Pendant près de dix minutes, on ne savait pas dans quel sens ça allait basculer. L'émeute ou la solidarité ? La colère ou l'hymne ? La casse ou la chair de poule ? Le coeur de tous ou la pierre de chacun ? Un seul homme debout ou dix mille peuples assis ? C'était juste après la fin du match contre l'Egypte. Habitués depuis une année à voler dans les airs rien qu'avec un refrain et deux drapeaux, les Algériens ont vécu d'abord la défaite durement. Douloureusement. On ne comprenait pas. Et on devinait l'affreux temps vide qui va s'installer avant le mondial en Afrique du Sud nous qui étions habitués à être heureux et qui avions pris goût aux miracles et à l'espoir. Nous qui n'étions que du plastique en 2008 et depuis des décennies, et qui avions investi cette équipe nationale de la mission de nous faire marcher sur la lune. Car dans le procès du match du jeudi, aucun algérien n'en voulait pas à cette EN : elle nous avait donné les plus grandes joies depuis des années et des années. Par transfert facile, nous y avons mis nos espoirs, nos attentes et nos joies et même nos attentes de révolution d'indépendance vis-à-vis de tout ce qui s'est imposé à nous comme colonisations douces, pernicieuses ou violentes. Les Algériens n'ont pas oublié que si cette EN n'a pas ramené la coupe, elle nous a restitué le drapeau, l'hymne, la terre et la fierté. Jamais de mémoire d'algériens depuis l'indépendance, le drapeau n'a autant ressemblé à la peau du coeur de chacun de nous, vieillards ou enfants à naître.

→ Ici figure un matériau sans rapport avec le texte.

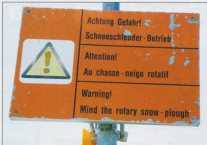
Unusual warning sign at Staffel.

Commercial operations. 2015 was another record year for the Rigibahnen with some 785,000 passengers being carried, and in the 12 months up to end-July 2016 they reached the magic 1m passengers. The busiest single day was in July when 8,000 people travelled to and from the Swiss Wrestling Championships at Staffel. Good weather brought an increase in the core Swiss passenger market, although early-2016 had seen a slight fall in the numbers of Asian visitors. The acceptance of the Swiss Travel Pass has greatly helped too, and in the 5 years since it was introduced on the Rigi system it has been used by an increasing number of passengers. The Rigi and Rigibahnen are the only mountain and railway that are open to Swiss Pass holders 365 days a year. The increases in passengers can have unexpected consequences. For example, it is not unusual to have two bus loads of tourists arrive at Vitznau, say from Milan, and of course many need to use the toilet before boarding the train. The toilets in the 1913 ship-station building cannot cope with this influx, and this can result in unacceptable delays to the train setting off up the mountain. Temporary toilets have been installed and a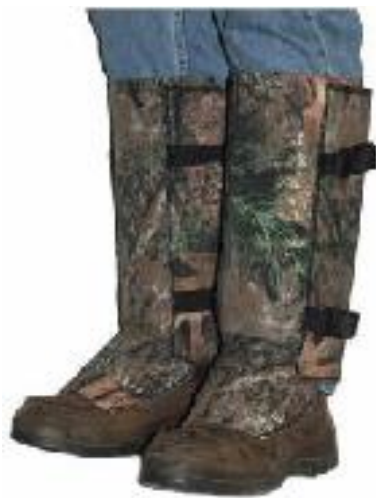
Snake Guardz™ / Gaiters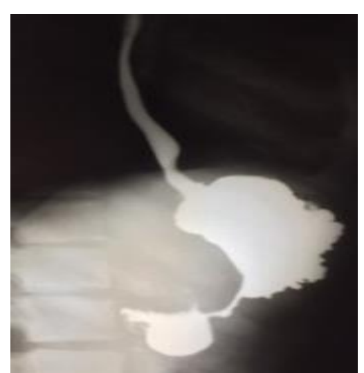
Fig. 5: Continuous filling of the esophagus and stomach suggesting involvement of the gastric esophageal junction

The barium swallow examination revealed smooth narrowing of lower third of the esophagus with minimal dilatation of the upper third (Fig. 4). No peristalsis was noted in the esophagus and there was no obstruction to the passage of the contrast in to the stomach. The study was extended to evaluate the stomach and duodenum, which revealed a small sized, contracted, aperistaltic stomach with presence of multiple ulcers at the greater curvature and gross narrowing at the gastric pylorus and antrum (Fig. 5 and Fig. 6).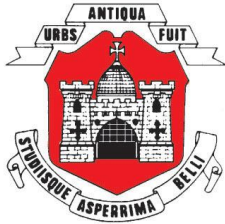
Limerick City Council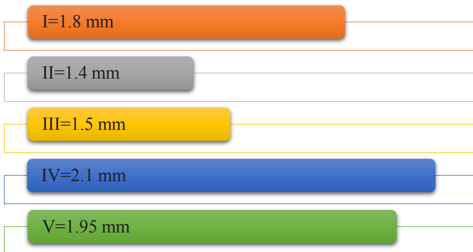
Fig. 3. Thickness of two-layer knitted fabric

When the V variant of a two-layer knitted fabric causes a decrease in the bulk density of the knitted fabric is achieved by changing the methods of joining the layers of the two-layer knitted fabric.

 D'où ce qui s'est passé après le match : des milliers et des milliers d'algériens dans les rues pour faire la fête contre la défaite et le béninois et son arbitrage. Bien sûr, beaucoup pensent que les foules ont été actionnées, encouragées à «sortir», car, comme les Egyptiens qui se sont inventé un ennemi imaginaire après Oum Dormane, ici chez nous il fallait gérer la soupape et négocier le virage dangereux de l'explosion possible. Sauf que ce n'est pas à un effet de foule qu'on a assisté mais à un effet de peuple. Le mot est pompeux mais il n'y a pas mieux. Les Algériens sont aujourd'hui dopés à l'espoir et ce courant de fond a besoin de victoires, de sens et d'un programme de conquêtes cosmiques, musculaires ou autres, sinon il va se retourner contre le plus proche. Il y a un an, nous n'étions que des «arabes» de seconde couche, des Maghrébins périphériques de ce Moyen-Orient prétentieux, nous n'étions que des Algériens rescapés de notre dernière guerre contre nous-mêmes, nous n'avions pas de drapeau ni beaucoup de chansons, nous étions tristes, infréquentables et nous nous détestions nous-mêmes, les uns les autres. Il y a un an seulement, nous étions des gens morts qui mâchaient du pain se battaient pour de la semoule ou un faux hadith ou un yaourt périmé. Et en un an seulement, quelque chose nous a été restituée. Nous avons perdu un match, mais il est évident que tout le reste de ce que nous apporté cette équipe, nous l'avons gardé : la fierté, la confiance en soi, le drapeau, les chants, les pleurs de joies, les klaxons, la couleur verte de l'espoir, la solidarité, la vie et la gloire. Merci Saâdane. Merci les «verts».